### [Problem to work on]
Write out only the lines from the top of the listing below through the one with "山水广场是河南新城市民主要休", exactly as they stand, while keeping pictures out of the copy.

### [Recorded information]

┄┄┄┄┄┄

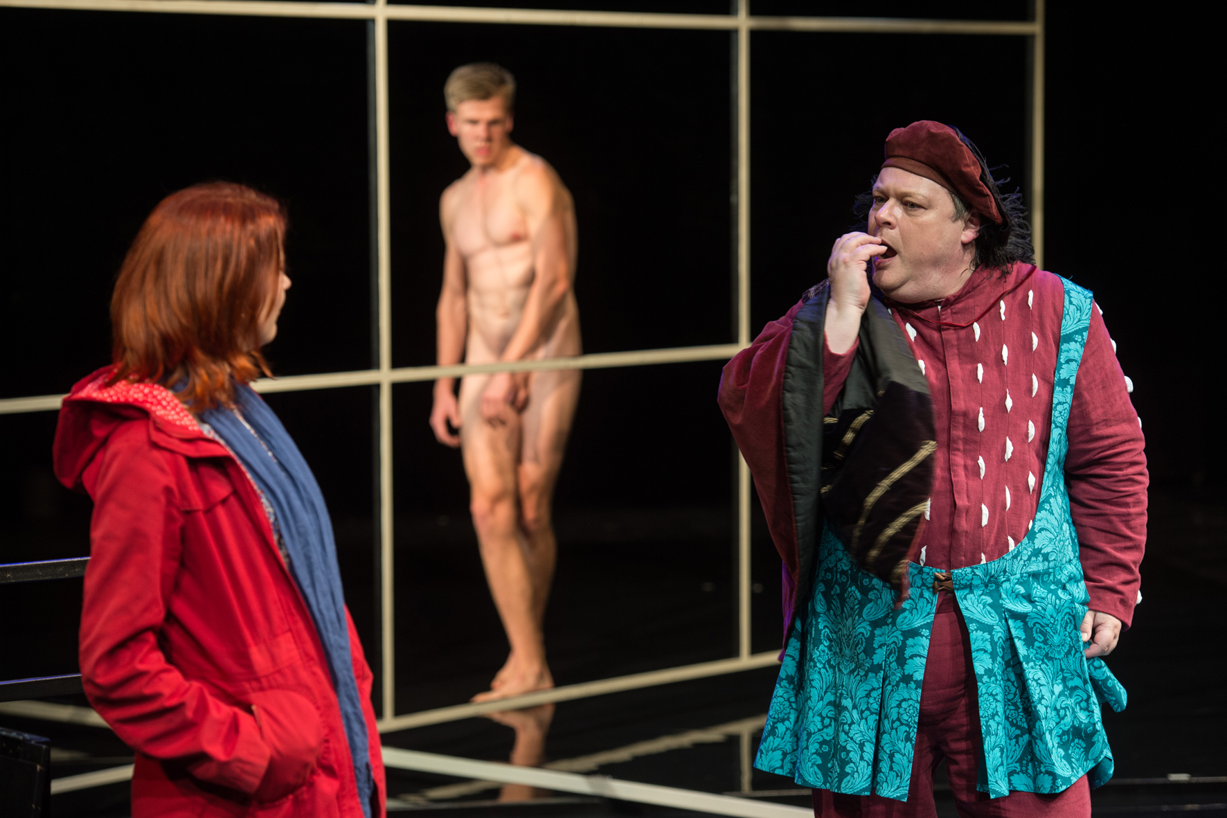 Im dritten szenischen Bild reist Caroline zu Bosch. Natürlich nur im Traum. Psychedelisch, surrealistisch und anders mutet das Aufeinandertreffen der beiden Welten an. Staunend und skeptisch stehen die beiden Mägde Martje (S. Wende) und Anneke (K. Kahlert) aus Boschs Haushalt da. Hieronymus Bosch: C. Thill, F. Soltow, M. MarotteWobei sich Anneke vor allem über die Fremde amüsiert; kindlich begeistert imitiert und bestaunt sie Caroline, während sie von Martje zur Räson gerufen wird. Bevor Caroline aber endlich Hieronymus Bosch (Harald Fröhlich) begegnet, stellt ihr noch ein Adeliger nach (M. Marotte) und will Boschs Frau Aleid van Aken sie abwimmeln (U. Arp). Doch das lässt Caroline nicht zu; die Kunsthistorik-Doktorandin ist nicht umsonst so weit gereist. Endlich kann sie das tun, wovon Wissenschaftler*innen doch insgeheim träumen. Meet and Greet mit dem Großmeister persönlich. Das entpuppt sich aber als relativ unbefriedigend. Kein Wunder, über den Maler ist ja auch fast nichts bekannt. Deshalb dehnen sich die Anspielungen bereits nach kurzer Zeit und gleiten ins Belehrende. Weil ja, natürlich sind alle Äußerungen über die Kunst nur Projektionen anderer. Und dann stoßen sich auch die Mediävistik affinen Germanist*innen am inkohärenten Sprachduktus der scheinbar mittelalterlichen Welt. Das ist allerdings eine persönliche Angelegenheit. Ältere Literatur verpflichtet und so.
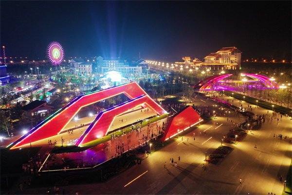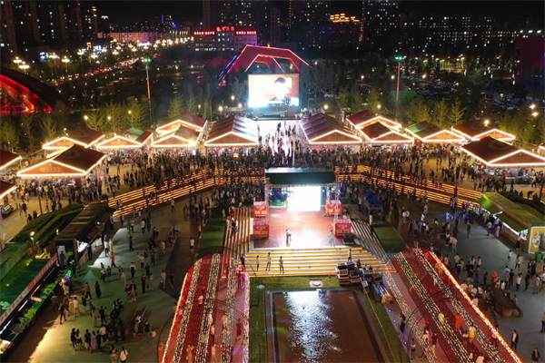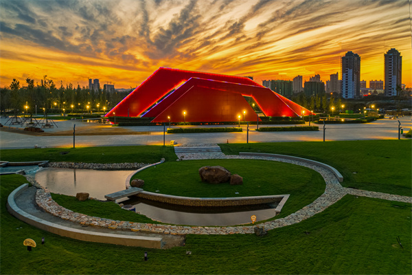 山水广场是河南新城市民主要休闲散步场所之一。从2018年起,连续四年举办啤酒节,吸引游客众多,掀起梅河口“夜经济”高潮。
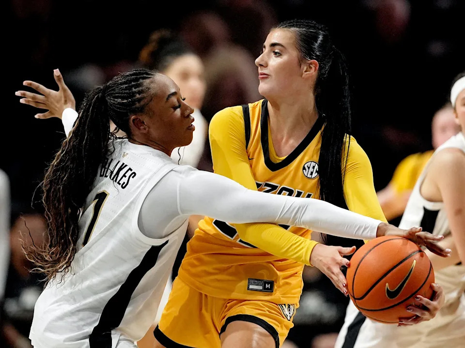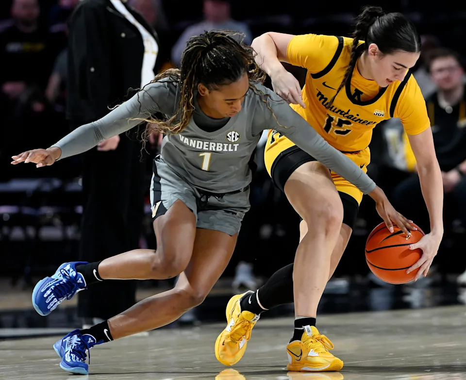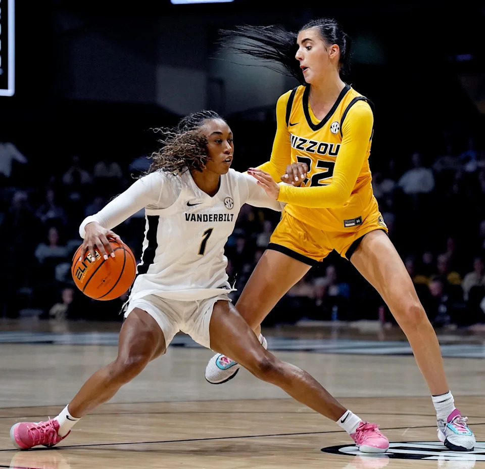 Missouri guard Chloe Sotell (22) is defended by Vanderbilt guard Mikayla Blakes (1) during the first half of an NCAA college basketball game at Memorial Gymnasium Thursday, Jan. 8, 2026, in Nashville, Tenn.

┄┄┄┄┄┄

### [Output of the task]
 Im dritten szenischen Bild reist Caroline zu Bosch. Natürlich nur im Traum. Psychedelisch, surrealistisch und anders mutet das Aufeinandertreffen der beiden Welten an. Staunend und skeptisch stehen die beiden Mägde Martje (S. Wende) und Anneke (K. Kahlert) aus Boschs Haushalt da. Hieronymus Bosch: C. Thill, F. Soltow, M. MarotteWobei sich Anneke vor allem über die Fremde amüsiert; kindlich begeistert imitiert und bestaunt sie Caroline, während sie von Martje zur Räson gerufen wird. Bevor Caroline aber endlich Hieronymus Bosch (Harald Fröhlich) begegnet, stellt ihr noch ein Adeliger nach (M. Marotte) und will Boschs Frau Aleid van Aken sie abwimmeln (U. Arp). Doch das lässt Caroline nicht zu; die Kunsthistorik-Doktorandin ist nicht umsonst so weit gereist. Endlich kann sie das tun, wovon Wissenschaftler*innen doch insgeheim träumen. Meet and Greet mit dem Großmeister persönlich. Das entpuppt sich aber als relativ unbefriedigend. Kein Wunder, über den Maler ist ja auch fast nichts bekannt. Deshalb dehnen sich die Anspielungen bereits nach kurzer Zeit und gleiten ins Belehrende. Weil ja, natürlich sind alle Äußerungen über die Kunst nur Projektionen anderer. Und dann stoßen sich auch die Mediävistik affinen Germanist*innen am inkohärenten Sprachduktus der scheinbar mittelalterlichen Welt. Das ist allerdings eine persönliche Angelegenheit. Ältere Literatur verpflichtet und so.
 山水广场是河南新城市民主要休闲散步场所之一。从2018年起,连续四年举办啤酒节,吸引游客众多,掀起梅河口“夜经济”高潮。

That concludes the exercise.